White Men Run One of America’s Most Diverse Companies
By many metrics, TJX Cos. looks like a beacon of diversity—more than three-quarters of employees are women, people of color make up more than half the workforce, and the retail company is considered a top employer for gay people and for people with disabilities.
Yet, with the shift of former Chief Executive Officer Carol Meyrowitz to executive chairman last year, all of the top executives at the parent company of TJ Maxx and other retail brands are white men. That’s not acceptable, says shareholder NorthStar Asset Management Inc., which is asking the board to make part of current CEO Ernie Herrman’s compensation contingent on diversifying his top corporate officers.
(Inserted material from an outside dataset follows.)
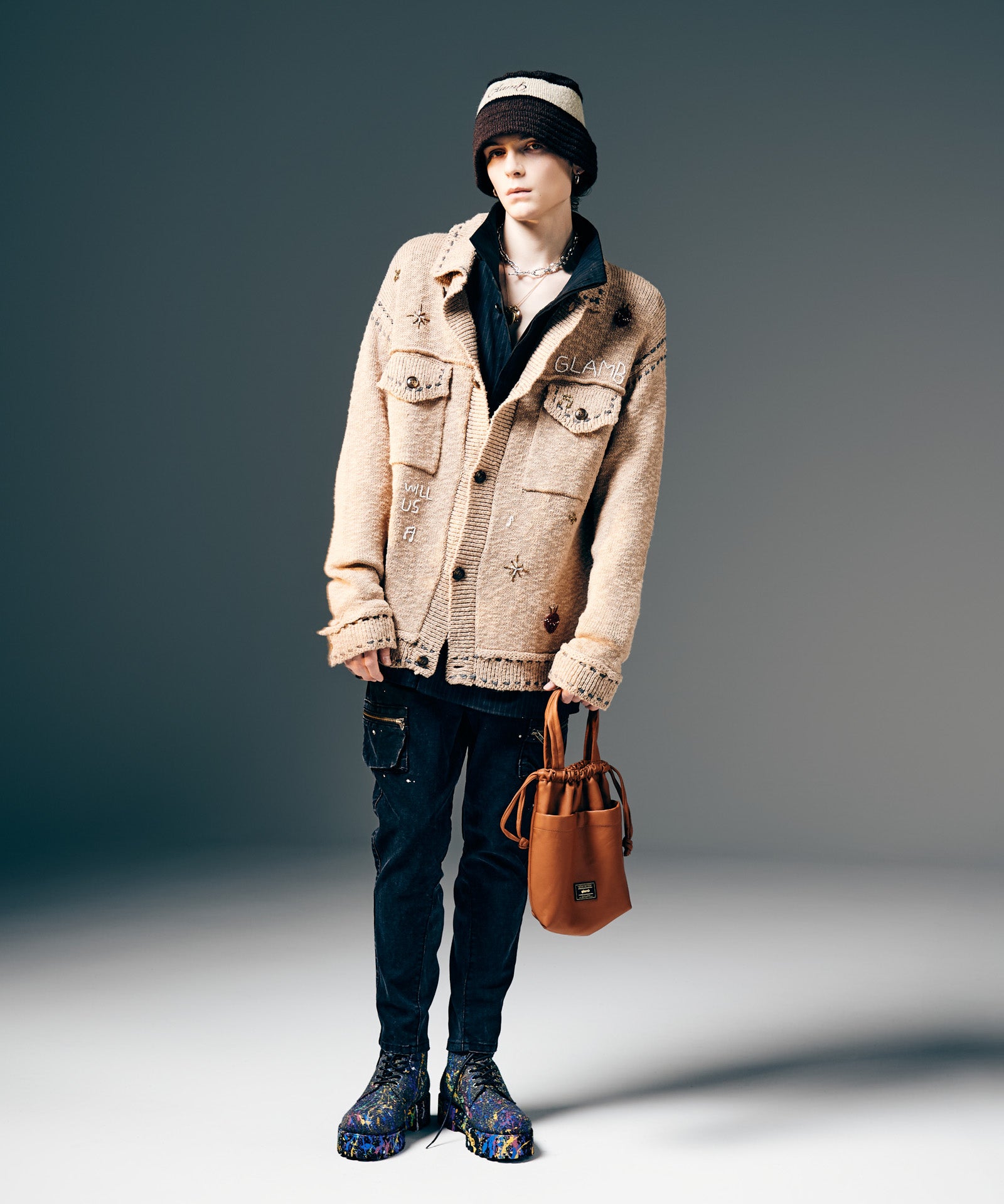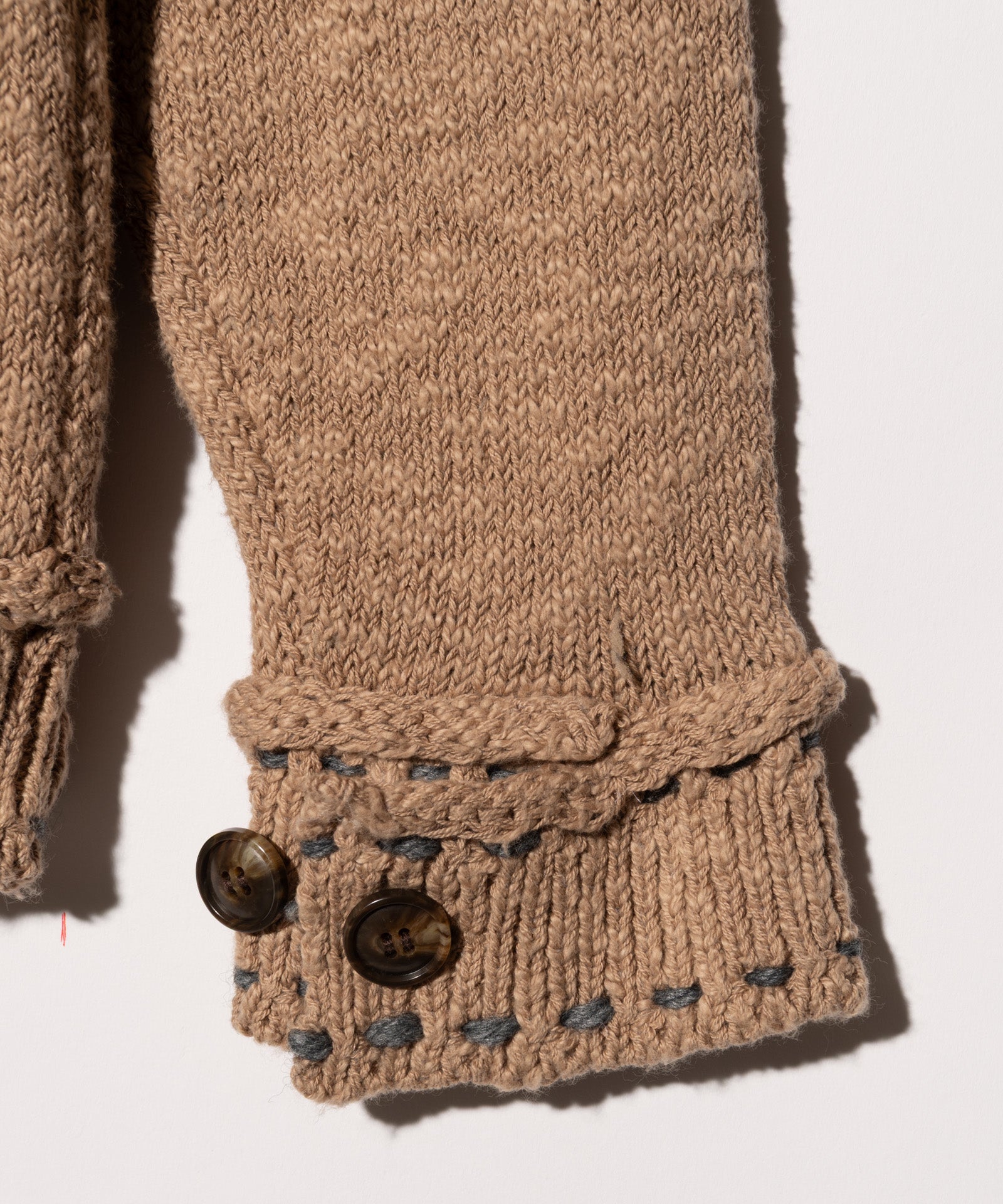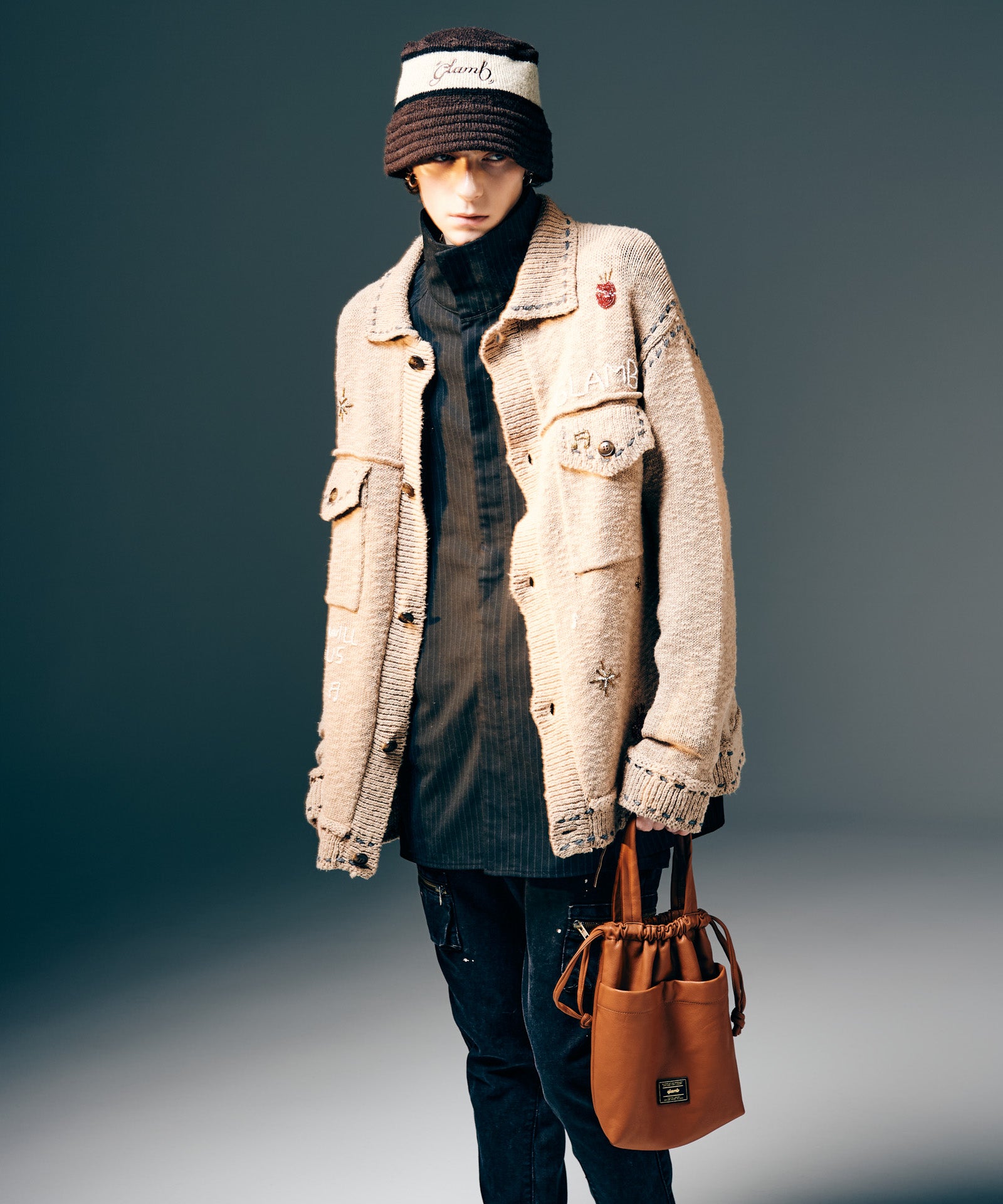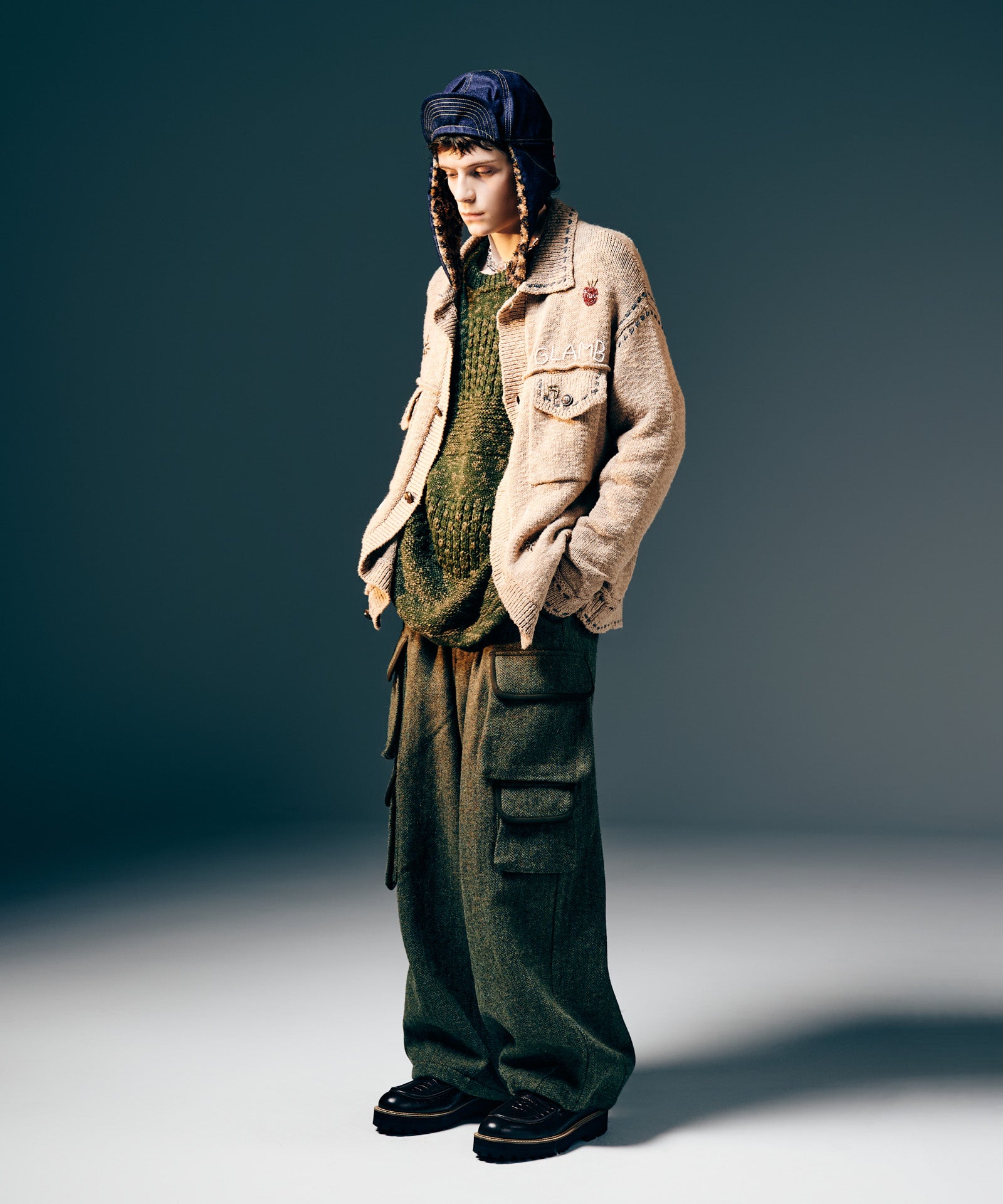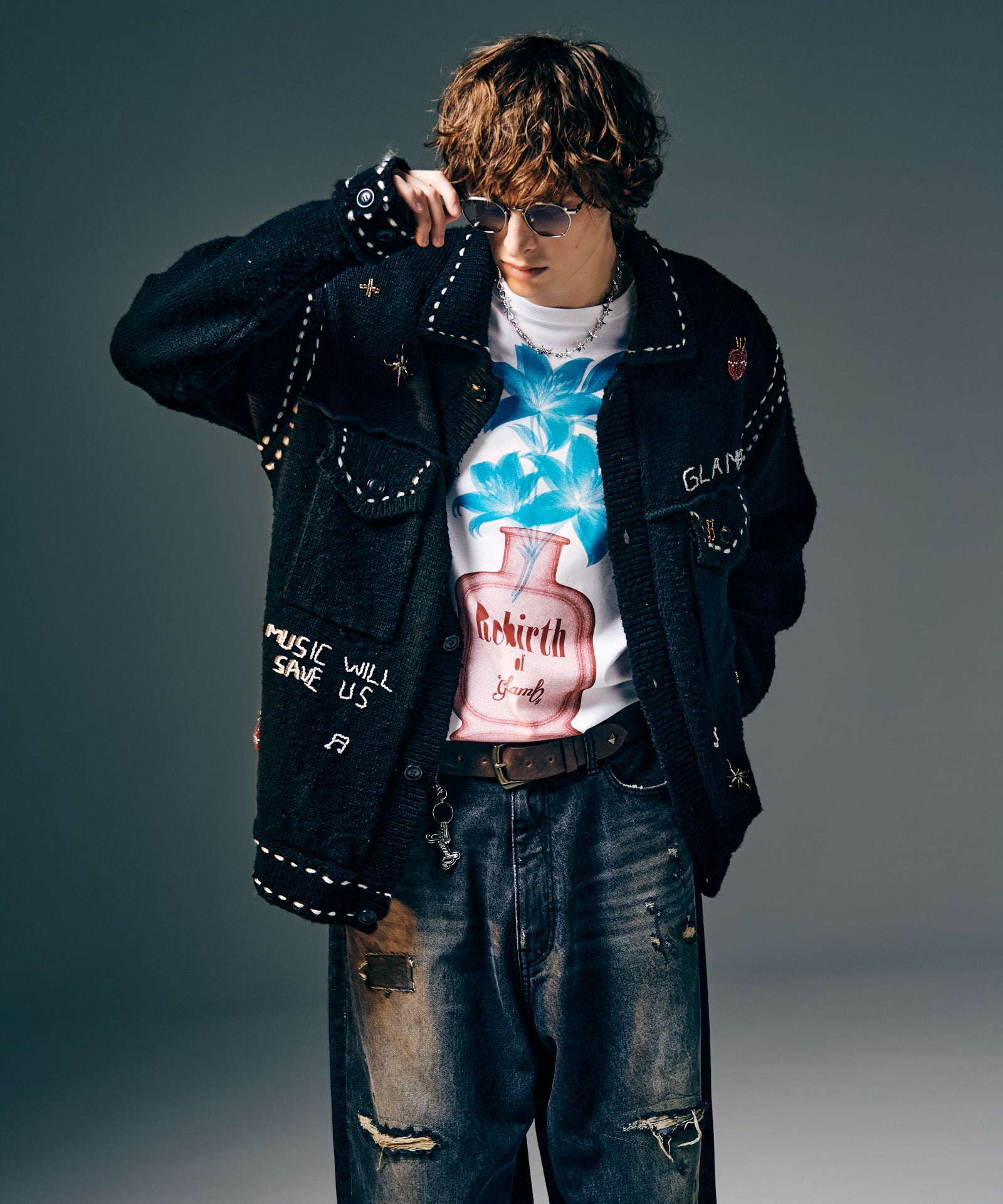 ノスタルジックなニット仕立てのジャケットへ、クラフトマンシップ息づく手刺繍で音楽愛を散りばめたBeadswork Knit Jacket。要所へあしらわれた太めのステッチは70’sヴィンテージ的な佇まい。その身頃全体にあしらわれたメッセージやアイコンのビーズ柄も全て職人の手仕事によるものとなっています。身頃の編み糸にはスラブ糸を用いて全体のテクスチャにランダムな凹凸を演出。細部のディテールに関してもフラップや衿は総針編み、ヨークを模した胸元のラインは生地を摘まんで縫い付けるというニットらしい技法で再現しております。

"TJX’s primary customer base is likely represented by the store workers and the store management, rather than what you see in the C-suite,” NorthStar CEO Julie Goodridge said in an interview. "As management gets further and further away from their customer base, that’s when they start making stupid decisions around merchandising, and that’s something we’re concerned about."
Like many investors that take up social issues with public companies, NorthStar is small by assets -- the all-female firm has just $300 million under management -- but it has successfully extracted some concessions. A handful of target companies, including CVS, IBM and Costco agreed this year to add language to value diversity at the board-of-directors level after discussions with NorthStar, Goodridge said.
TJX, which is also the parent company of Homegoods and Marshalls, recommended that investors vote against Northstar’s proposal, noting in its proxy filing that the four-member compensation committee includes two women. It also pointed out that the company has been listed as a best place to work for Hispanic workers, recent college graduates and Canadians and has hired more than 2,600 veterans, well on its way to a 2018 goal of 3,000, according to its 2016 corporate responsibility report. The company had no additional comment.
Now that most S&P 500 companies have at least two women on their boards of directors, activists have shifted their focus to top management. More than 95 percent of S&P 500 CEOs, 90 percent of top earners, and three-quarters of senior executives are men, according to Catalyst—even though more than 44 percent of employees among those companies are female.
TJX isn’t the only retailer under fire for diversity practices. CtW Investment Group is encouraging Urban Outfitters shareholders to vote against the reelection of two directors, saying the board’s “extreme insularity” has contributed to the company’s weak performance. CtW, a union-affiliated firm that often takes up corporate-governance issues, highlighted the homogeneity of the Urban Outfitters board, which includes two women, one of whom is married to the CEO. (She is also chief creative officer of one of the company’s brands.)
NorthStar, based in Boston, filed six proposals this year asking companies to seek greater board diversity. All six agreed, and the fund withdrew its proposals. But the fund was unable to reach an agreement with TJX, so shareholders will vote on the proposal at a June 6 annual meeting. The fund made the same proposal last year, which 5 percent of TJX shareholders supported.
"Race and gender are hugely related to retail, so it should be a no-brainer to really look for talent or promote people from the bottom up," Goodridge said. "They’ve essentially got low-paid labor that is diverse, with a bunch of white people on top."
Among the 27 similar proxy issues on management diversity in the past decade, none have passed or even garnered more than 10 percent of shareholder votes, according to ISS Corporate Solutions, a corporate governance consulting group and unit of Institutional Shareholder Services. Seven more are pending this year, including the TJX proposal, ISS said.